Core entities. Game → Board + Players. Board has 8x8 grid of Pieces. Six piece types: King/Queen/Rook/Bishop/Knight/Pawn.

Key concepts.

Polymorphism is the star. Abstract Piece.canMove() overridden by each piece type.
Game just calls piece.canMove() — doesn’t care which piece.
King — 1 square any direction. Queen — straight or diagonal. Rook — straight. Bishop — diagonal. Knight — L-shape, jumps. Pawn — forward 1 (or 2 from start), captures diagonal.
Validate: own piece + valid move + path clear (isPathClear) + own king not in check after move.

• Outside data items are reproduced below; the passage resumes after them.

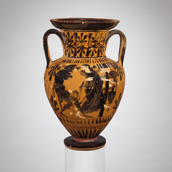 This terracotta neck-amphora, a jar of Nicosthenic shape, was made by the Class of Cabinet des Médailles 218. The jar's shape is a feat of hand-thrown clay, its walls evenly thin, its curves swelling and tapering with controlled grace. Once formed, the terracotta was fired to a warm, porous orange. The vase was then painted using a slip, which is a liquid clay, to create the figures and the decorative elements. These areas, now black, were applied with the precision of a practiced hand. The scenes of conflict and mythology aren't just painted; they're built into the identity of the vessel. This wasn't merely an aesthetic object, but a functional one, made for containing precious liquids. The skilled labor, the careful design, and the embedded narratives speak to a society that valued both utility and art, challenging our modern separation of craft from high culture.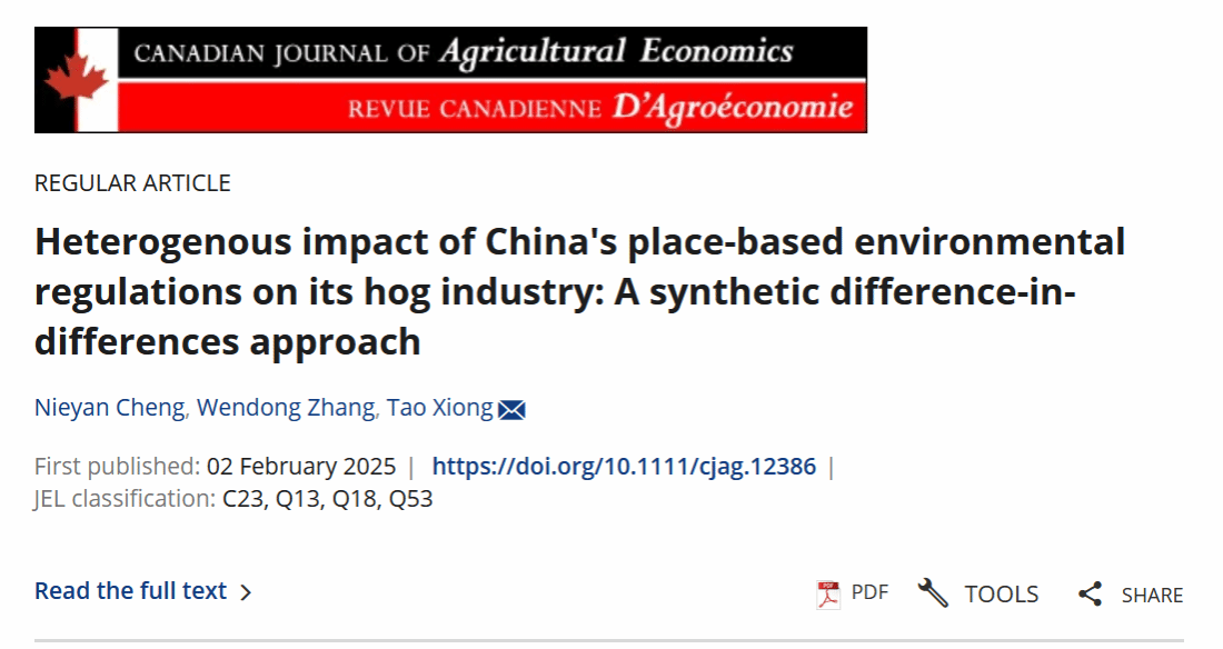 近日,我院熊涛教授与合作者的研究论文 “Heterogenous impact of China’s place‐based environmental regulations on its hog industry: A synthetic difference‐in‐differences approach”在国际农业经济管理领域重要期刊Canadian Journal of Agricultural Economics发表。该研究运用新颖的合成双重差分法,研究旨在保护南方水网地区水质的生猪产业环境规制的政策效应,为明晰环境规制政策的异质性效应提供了实证依据。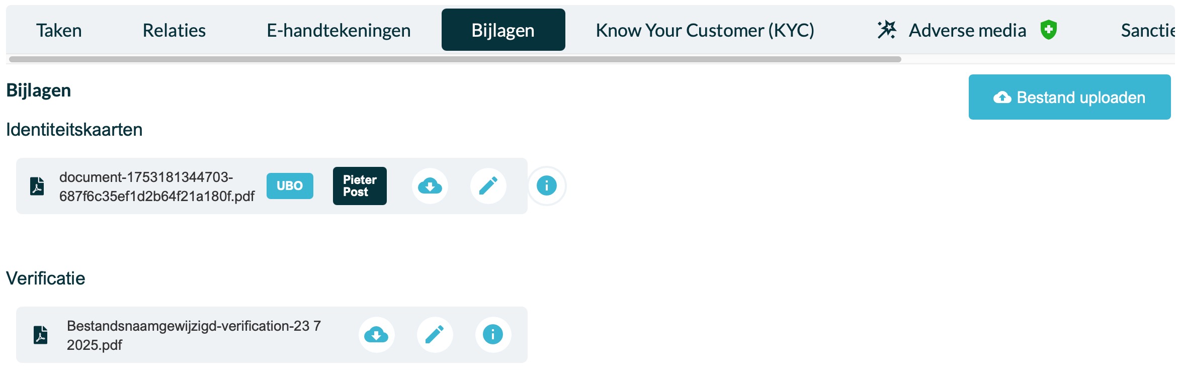 Hier vindt u extra bijlagen zoals opgeladen identiteitskaarten, verificatie documenten…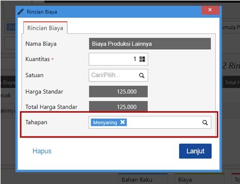 - Kemudian ke tab Biaya dan isikan biaya-biaya produksi yang dikeluarkan terkait produksi atas produk tersebut. Jika ada tahapan produksi yang di subkon, maka anda bisa mengisikan ke biaya yang terkait.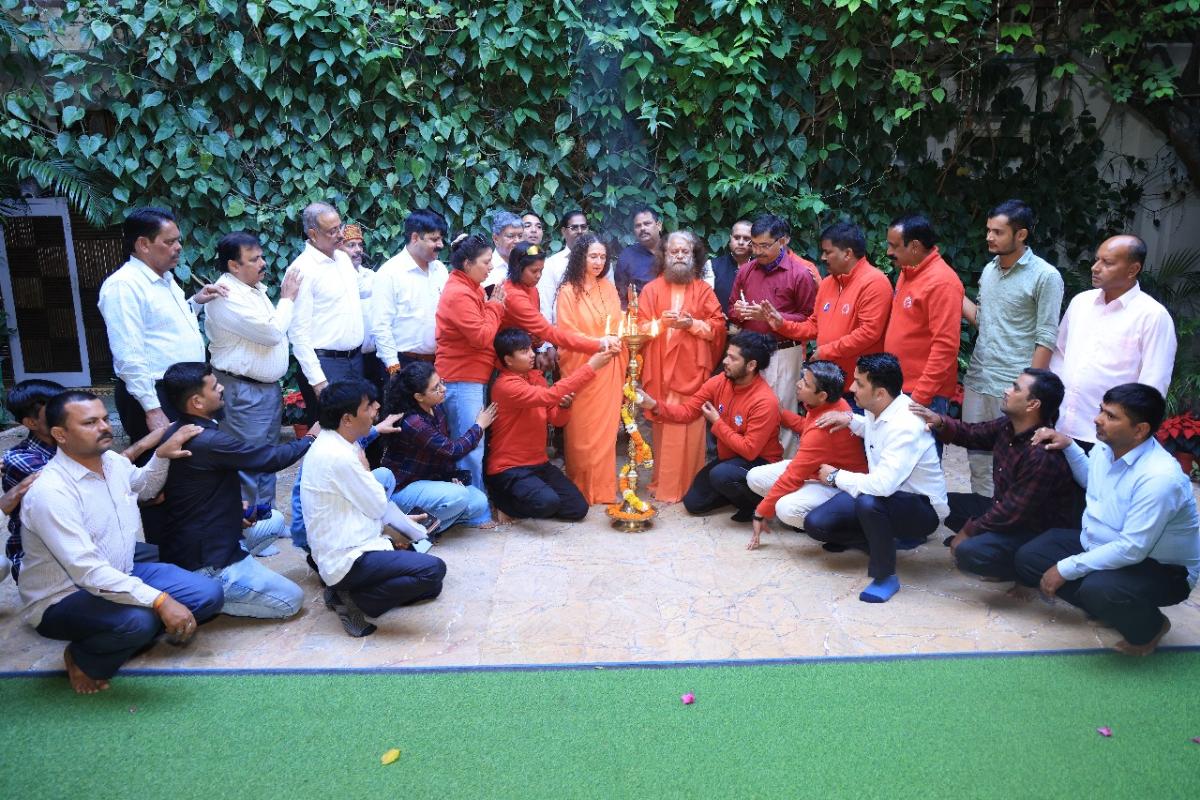 At the sacred premises of Parmarth Niketan, the team promoting cleanliness and health in the remote regions of the Himalayas conducted a Flag-In Ceremony in the holy presence of Pujya Swami Chidanand Saraswati Ji. The Ice Axe, the symbol of the campaign, was presented to Swami Ji by the team.

Remember. findKing(color) and isUnderAttack(row, col, byColor) are the helpers for check detection. After moving, if our king is attacked, undo. Adding new piece type = new class, no other changes. Extensions: castling (track hasMoved), en passant (track lastMove), pawn promotion, undo (Command), checkmate detection (try all moves).

Design Library Management

Core entities. Library → Books + Members. Book has many BookItems. Member has many Loans.

Key concepts.

Book vs BookItem distinction is critical. Book = catalog entry (ISBN, title, author). BookItem = physical copy (barcode, status).
Loan tracks: item, member, borrowDate, dueDate, returnDate. Calculates fine = overdue_days × rate.
Member has MAX_LOANS limit.
Observer pattern — waitlist notifications when book returned.
BookStatus: AVAILABLE / LOANED / RESERVED / LOST.

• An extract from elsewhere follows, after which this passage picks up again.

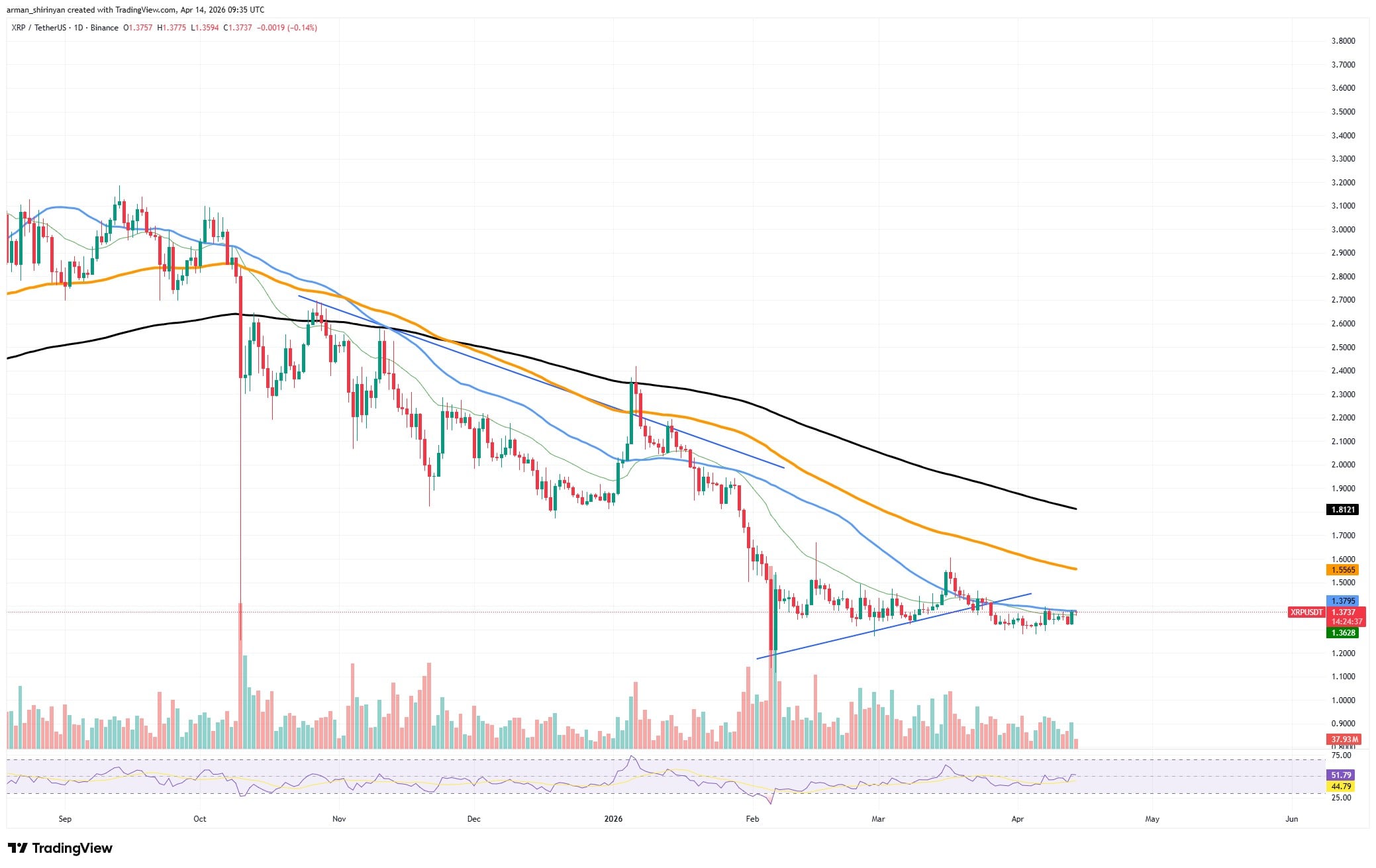 With no confirmed trend reversal, $XRP is still trading in a weak structure between $1.35 and $1.40, below significant resistance levels. Due to transaction volume not being equal to demand accumulation, the market has not yet priced in the activity spike.

Remember. Library acts as Facade. Borrow flow: find member → check limit → find available item → mark LOANED → create Loan. Return: calc fine → AVAILABLE → notify waitlist. Extensions: renewal, member tiers (Strategy), digital books, multi-criteria search (Builder).

Design ATM

Core entities. ATM (context) + ATMState (Idle/Auth/Menu/Transaction) + CashDispenser + Card + Account + Transaction.

Key concepts.

State pattern drives everything. Card insertion in Idle → AuthState. Wrong PIN 3x → card retained, IdleState.
AuthState has MAX_ATTEMPTS = 3.
Account has balance + dailyWithdrawn (DAILY_LIMIT $5000).
Withdraw: validate → debit account → dispense → succeed (or rollback on failure).
Transactions logged for receipts.

Remember. Same buttons mean different things per state. State is THE pattern here. Cash dispenser tracks physical cash; reject if low. Extensions: multi-currency (denomination strategy), receipt printer (Observer), admin mode (new state), hardware failure recovery (Command rollback).